The world’s biggest pharmaceutical company hired investigators to unearth evidence of corruption against the Nigerian attorney general in order to persuade him to drop legal action over a controversial drug trial involving children with meningitis, according to a leaked US embassy cable.

Pfizer was sued by the Nigerian state and federal authorities, who claimed that children were harmed by a new antibiotic, Trovan, during the trial, which took place in the middle of a meningitis epidemic of unprecedented scale in Kano in the north of Nigeria in 1996.

Last year, the company came to a tentative settlement with the Kano state government which was to cost it $75m.

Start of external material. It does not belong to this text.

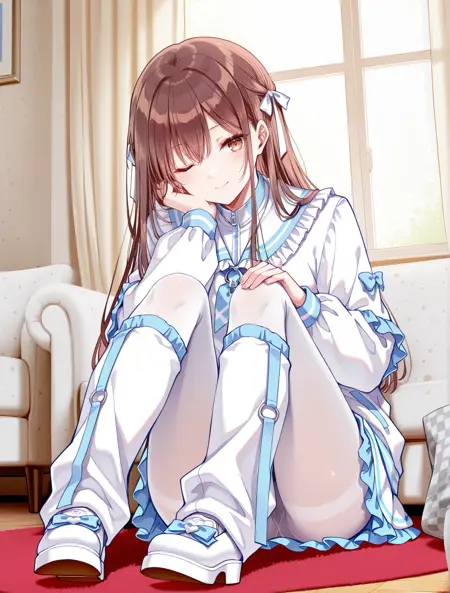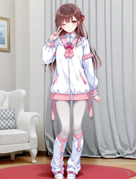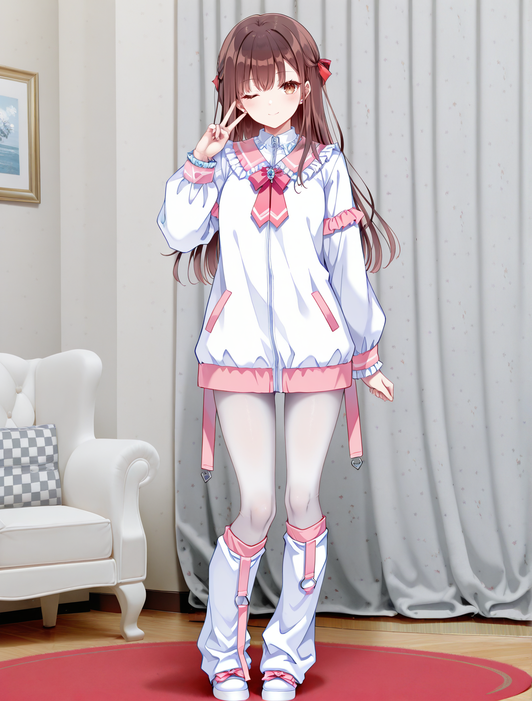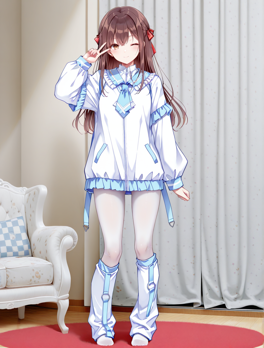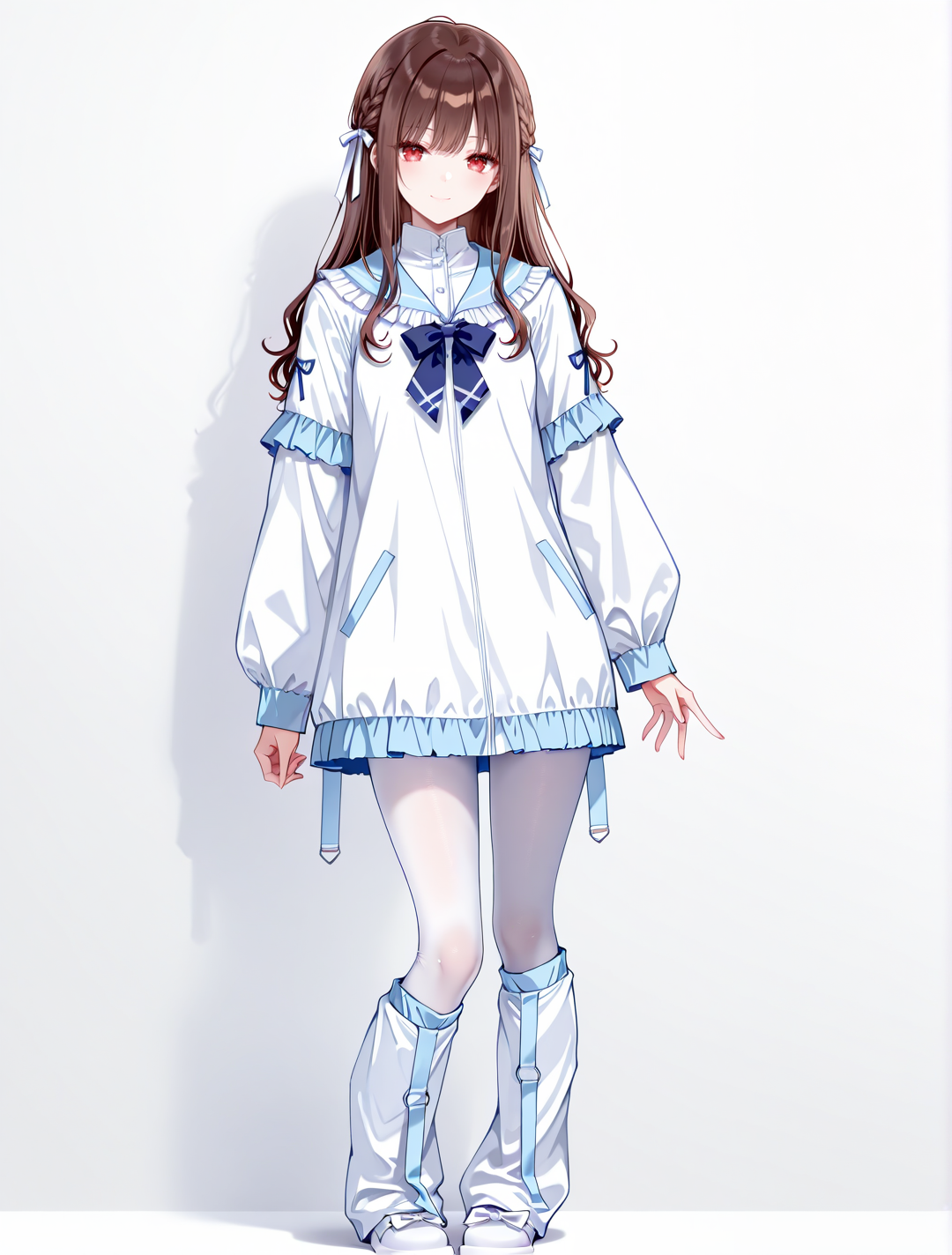 white jacket,zipper,leg warmers,frills,frilled sailor collar,white pantyhose,white footwear,

But the cable suggests that the US drug giant did not want to pay out to settle the two cases – one civil and one criminal – brought by the Nigerian federal government.

The cable reports a meeting between Pfizer’s country manager, Enrico Liggeri, and US officials at the Abuja embassy on 9 April 2009. It states: “According to Liggeri, Pfizer had hired investigators to uncover corruption links to federal attorney general Michael Aondoakaa to expose him and put pressure on him to drop the federal cases. He said Pfizer’s investigators were passing this information to local media.”

The cable, classified confidential by economic counsellor Robert Tansey, continues: “A series of damaging articles detailing Aondoakaa’s ‘alleged’ corruption ties were published in February and March. Liggeri contended that Pfizer had much more damaging information on Aondoakaa and that Aondoakaa’s cronies were pressuring him to drop the suit for fear of further negative articles.”

While many thousands fell ill during the Kano epidemic, Pfizer’s doctors treated 200 children, half with Trovan and half with the best meningitis drug used in the US at the time, ceftriaxone. Five children died on Trovan and six on ceftriaxone, which for the company was a good result. But later it was claimed Pfizer did not have proper consent from parents to use an experimental drug on their children and there were questions over the documentation of the trial. Trovan was licensed for adults in Europe, but later withdrawn because of fears of liver toxicity.

More here.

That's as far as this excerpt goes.